According to Reinier Rijke, CEO and founder of W2E, the turbine was taken out of operation for a while in March 2022, as the company wanted to optimize the discharge of the water from the Western Scheldt into the canal.

As Offshore Energy understands, the company extended the flow gates to mitigate the loss of energy due to turbulence.

Now that we have a better view of the currents at the sluice, we can respond to it in a more targeted way in order to achieve maximum yield in the future. After two years, we want to prove that this is a sensible way of generating energy. The turbine is built to last at least 15 years,” Rijke said for EWA-Dutch Energy from Water Association.

Mounted on the steel frame, the vertical axis tidal turbine being tested at the Port of Flushing is able to generate enough electricity to power the operations of the nearby sea locks, or up to 100 households in a predictable pattern.

If the pilot project proves successful, many more applications of W2E’s technology are anticipated in small and large sluices and discharge channels all over the world.

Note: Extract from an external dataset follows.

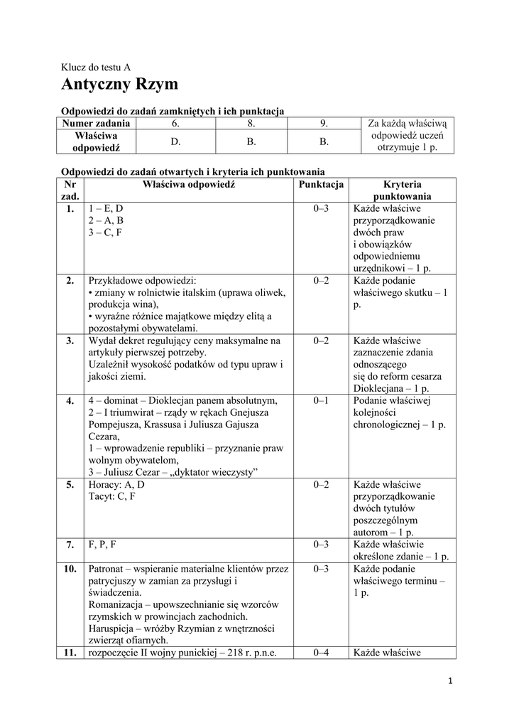 Klucz do testu A Antyczny Rzym Odpowiedzi do zadań zamkniętych i ich punktacja 6. 8. Numer zadania Właściwa D. B. odpowiedź 9. B. Za kaŜdą właściwą odpowiedź uczeń otrzymuje 1 p. Odpowiedzi do zadań otwartych i kryteria ich punktowania Nr Właściwa odpowiedź Punktacja Kryteria zad. punktowania 0–3 KaŜde właściwe 1. 1 – E, D 2 – A, B przyporządkowanie 3 – C, F dwóch praw i obowiązków odpowiedniemu urzędnikowi – 1 p. 0–2 KaŜde podanie 2. Przykładowe odpowiedzi: • zmiany w rolnictwie italskim (uprawa oliwek, właściwego skutku – 1 p. produkcja wina), • wyraźne róŜnice majątkowe między elitą a pozostałymi obywatelami. 0–2 KaŜde właściwe 3. Wydał dekret regulujący ceny maksymalne na artykuły pierwszej potrzeby. zaznaczenie zdania UzaleŜnił wysokość podatków od typu upraw i odnoszącego jakości ziemi. się do reform cesarza Dioklecjana – 1 p. 0–1 Podanie właściwej 4. 4 – dominat – Dioklecjan panem absolutnym, 2 – I triumwirat – rządy w rękach Gnejusza kolejności Pompejusza, Krassusa i Juliusza Gajusza chronologicznej – 1 p. Cezara, 1 – wprowadzenie republiki – przyznanie praw wolnym obywatelom, 3 – Juliusz Cezar – „dyktator wieczysty” 0–2 KaŜde właściwe 5. Horacy: A, D Tacyt: C, F przyporządkowanie dwóch tytułów poszczególnym autorom – 1 p. 0–3 KaŜde właściwie 7. F, P, F określone zdanie – 1 p. 0–3 KaŜde podanie 10. Patronat – wspieranie materialne klientów przez patrycjuszy w zamian za przysługi i właściwego terminu – świadczenia. 1 p. Romanizacja – upowszechnianie się wzorców rzymskich w prowincjach zachodnich. Haruspicja – wróŜby Rzymian z wnętrzności zwierząt ofiarnych. 0–4 KaŜde właściwe 11. rozpoczęcie II wojny punickiej – 218 r. p.n.e. 1 12. 13. 14. wybuch powstania w Judei – 66 r. n.e. klęska Macedonii w bitwie pod Pydną – 168 r. p.n.e. zwycięstwo Oktawiana w bitwie pod Akcjum 31 r. p.n.e. 395 r. n.e. Zaznaczenie na mapie terenów zasiedlonych przez Wandalów (północna Afryka) oraz Swewów (zachodnia Hiszpania). Zdjęcie ukazuje rybę, która w pierwszych wiekach chrześcijaństwa symbolizowała Chrystusa. przyporządkowanie – 1 p. 0–1 0–1 0–1 Podanie właściwej odpowiedzi – 1 p. Właściwe zaznaczenie terenów – 1 p. Podanie właściwej odpowiedzi – 1 p. 2

“This is a very attractive form of energy generation for the sea locks. My hope is that there will be more and more showcases like this turbine.

“In this way, we will prove what the power of water can offer to the province and the Netherlands – namely, a predictable and reliable basic energy source in addition to sun and wind, which will reduce the need for energy storage in the future.

“As a shipbuilder and sailor, I know one thing for sure. When you know the power of water, you have faith in tidal energy,” concluded Rijke.

The ENCORE project, short for Energising Coastal Regions with Offshore Renewable Energy, aims to accelerate the development of four offshore renewable energy solutions both in terms of technological innovation and commercial uptake.

Aside from advancing river and tidal current, wave, and floating solar solutions, the €10 million project – led by Bluespring, formerly known as MET-support, will also aim to develop open-source tools and services to facilitate the accelerated uptake of offshore energy solutions for islands, harbors, estuaries and offshore structures with a focus on 2SEAS region, and additional export opportunities.